Mantle induced dynamic topography may have a significant effect on the accomodation space in sedimentary basins, especially close to "slab burial grounds", but its magnitude and relevance is controversial. We use five Cenozoic stratigraphic sections and 56 wells from the northern South China Sea margin to assess all mechanisms contributing to Late Tertiary tectonic subsidence in this area and to ground-truth the dynamic topography output of a mantle convection model. The computed dynamic topography decreases on average by about 300 m from 20 Ma to the present in the northern South China Sea area. Post-rift anomalous subsidence is computed as the discrepancy between observed and predicted post-rift subsidence based on modeling exponential thermal cooling following earlier lithospheric thinning events. In shallow water areas its magnitude is similar to that predicted by the mantle convection model, confirming that the change in dynamic topography through time since 20 Ma agrees well with subsidence unaccounted for by a conventional rift model. However, this mechanism does not explain the rapid increase of anomalous subsidence towards the deep water areas in the Qiongdongnan and Pearl River Mouth basins. In the deep water (>500 m) part of the Qiongdongnan and Pearl River Mouth basins, post-rift anomalous subsidence ranges from 900 to 1200 m, whereas in the continental shelf area of the basins it ranges from 700 to 300 m and decreases landwards, to less than 250 m in the Beibuwan Basin.
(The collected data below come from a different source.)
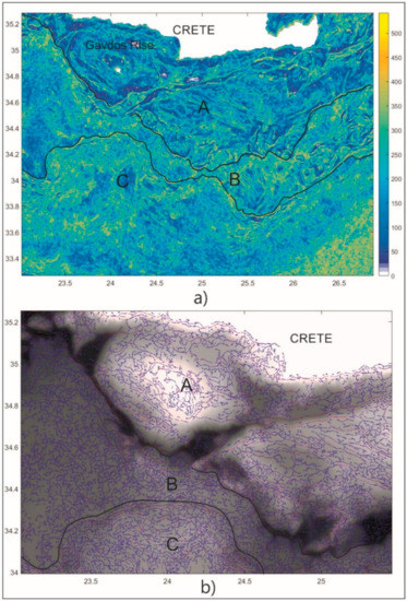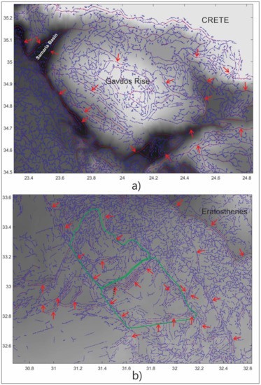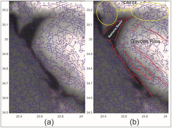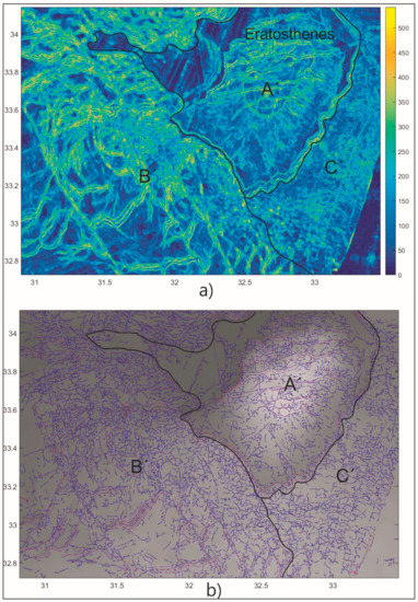 - Sub-region A’: Located on and west of the Eratosthenes Seamount characterized by (a) the presence of strong detected E–W trending, medium to long in length, and medium to sparse distributed lineaments on the Eratosthenes Seamount; and (b) very few, weak detected lineaments west of the Eratosthenes Seamount (Figure 4a,b).
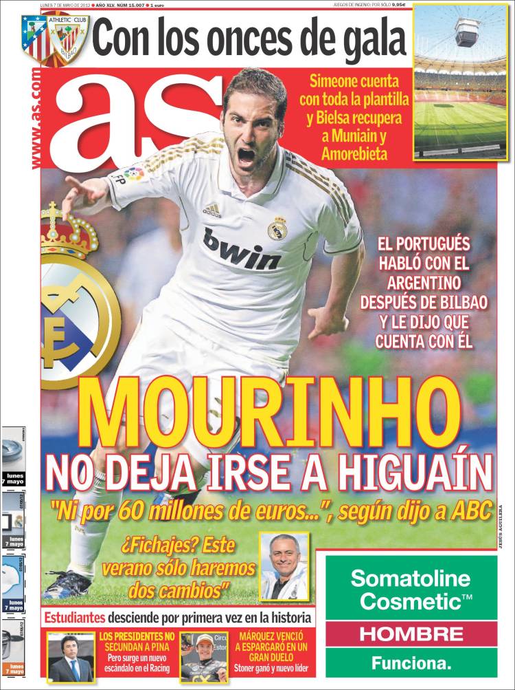AS MOURINHO HIGUAIN – Anche il quotidiano As parla di Higuain, bomber del Real Madrid, che Mourinho considera incedibile.
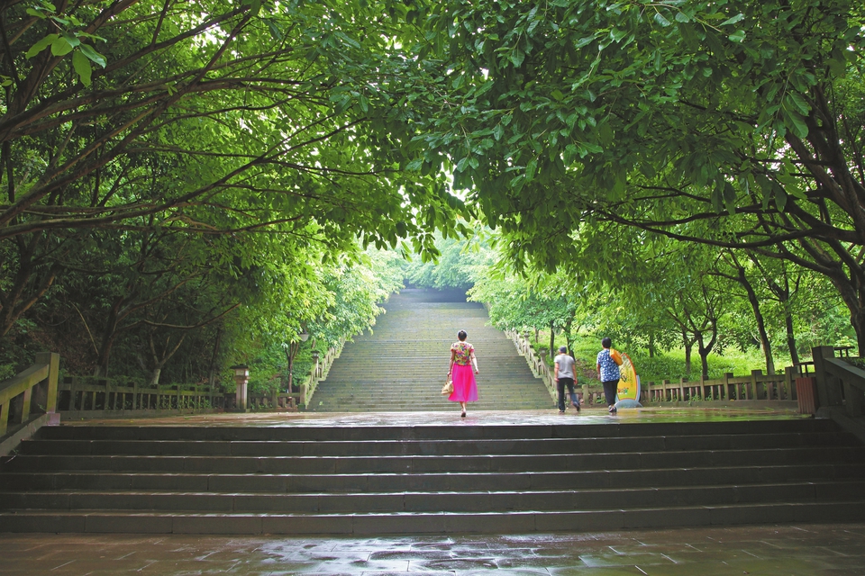 层林尽染,山泉潺潺,蛙鸣鸟叫,站在西山风景区海拔480.7米的栖乐山主峰俯瞰南充城区,都市繁华尽收眼底。
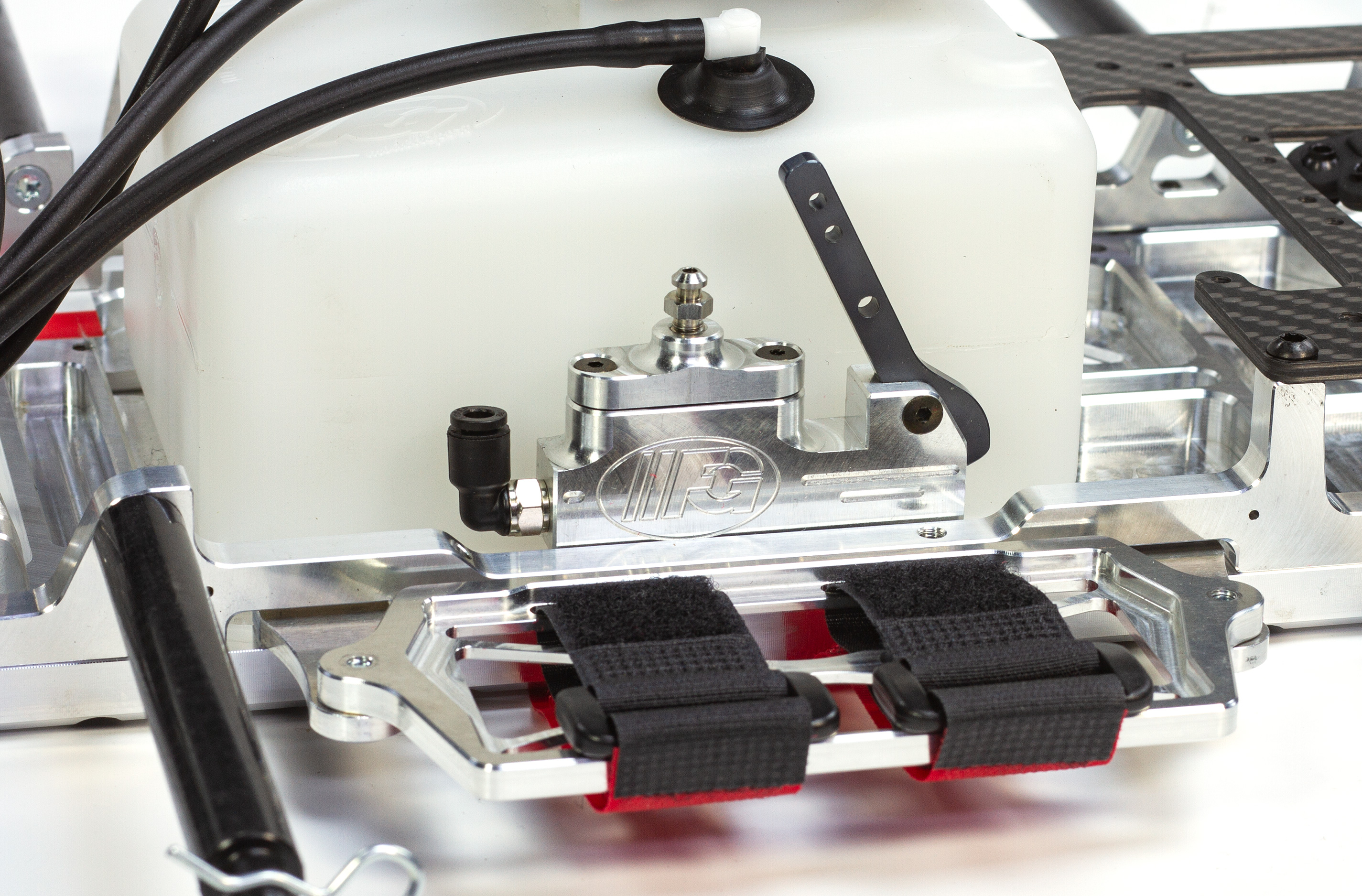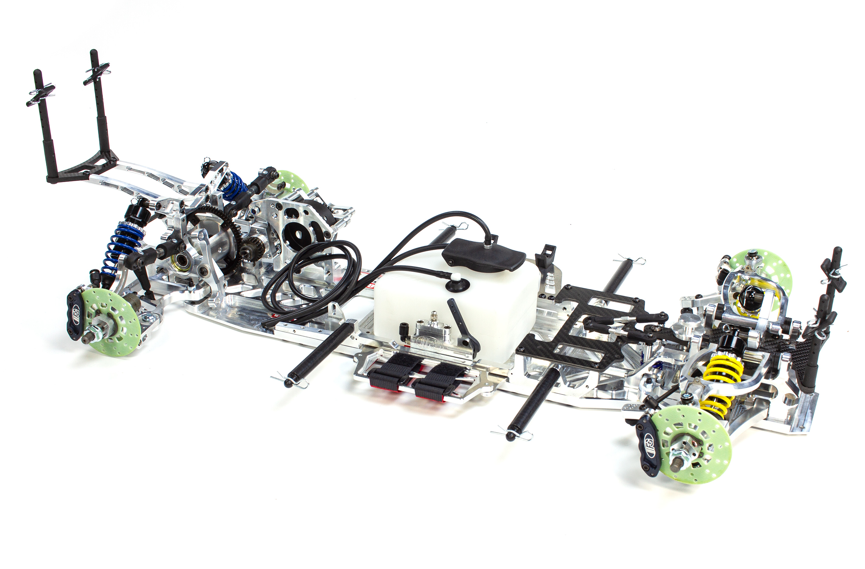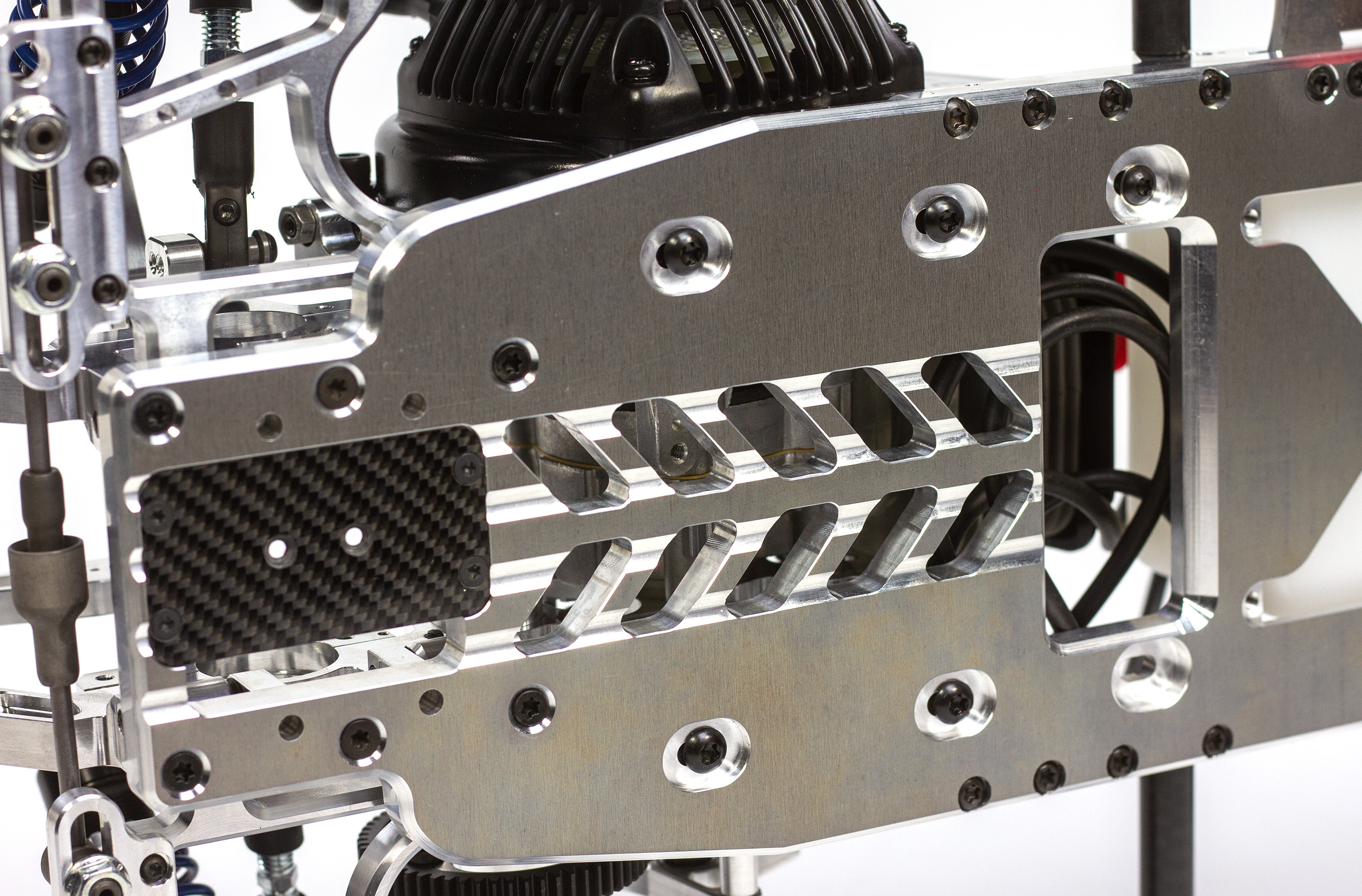 Einzigartig unter den Großmodellen. Neue Stabilisator-Konstruktion vorne und hinten. Es können Kugelstabilisatoren oder Bügelstabilisatoren verwendet werden (Zubehör). 10 mm dickes Chassis aus T7075 Aluminium mit Ausfräsungen für Gewichte (auch unter dem Tank) und Rillen im vorderen Bereich. Somit kann das Fahrzeug perfekt an die Piste oder den Fahrer angepasst werden. Motor ist nun wieder mit dem Chassis verschraubt für mehr Steifigkeit.
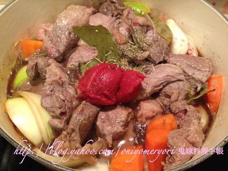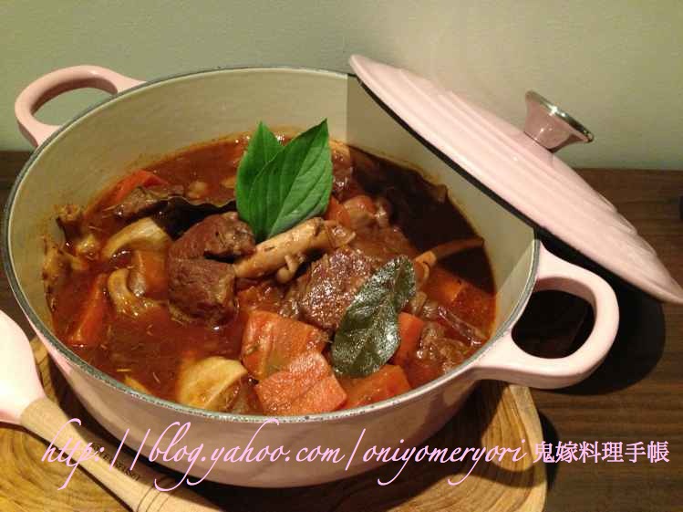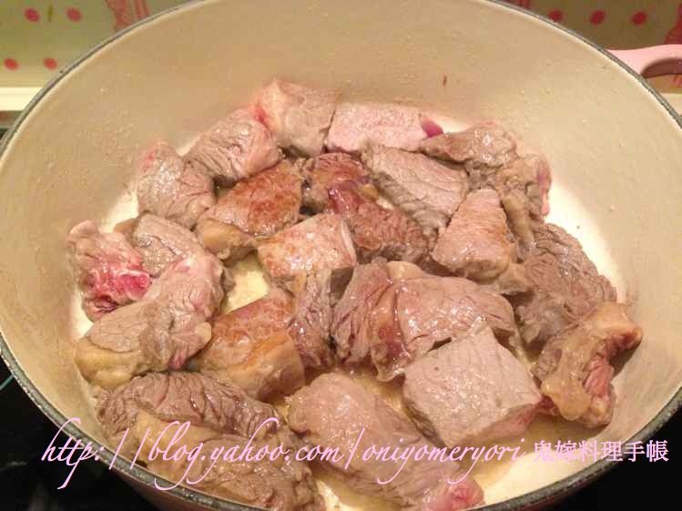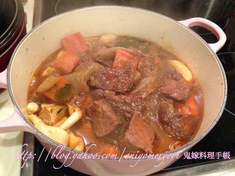 帶肥的肉是最好吃的,用LC的鍋子非常鎖水,以極少火來炆煮,非常軟稔,如爐頭要煮其他東西,連蓋入焗爐140度焗也可,而且更好吃,因為醬汁不會滾起,只是用焗爐的熱力令牛肉變軟,水份更能保存。

This rapid subsidence event, preceded by minor uplift, is interpreted as a thermal cooling episode induced by a late magmatic event. In the Yinggehai Basin anomalous subsidence during the post-rift stage is about 300–500 m in the northwestern part of the basin, substantially less than that in the middle and southeastern parts, where it ranges from 900 to 1200 m. The distinct subsidence anomaly in the Yinggehai Basin may originate from a combination of the dextral movement of marginal faults since the Late Miocene and the effect of dynamic topography.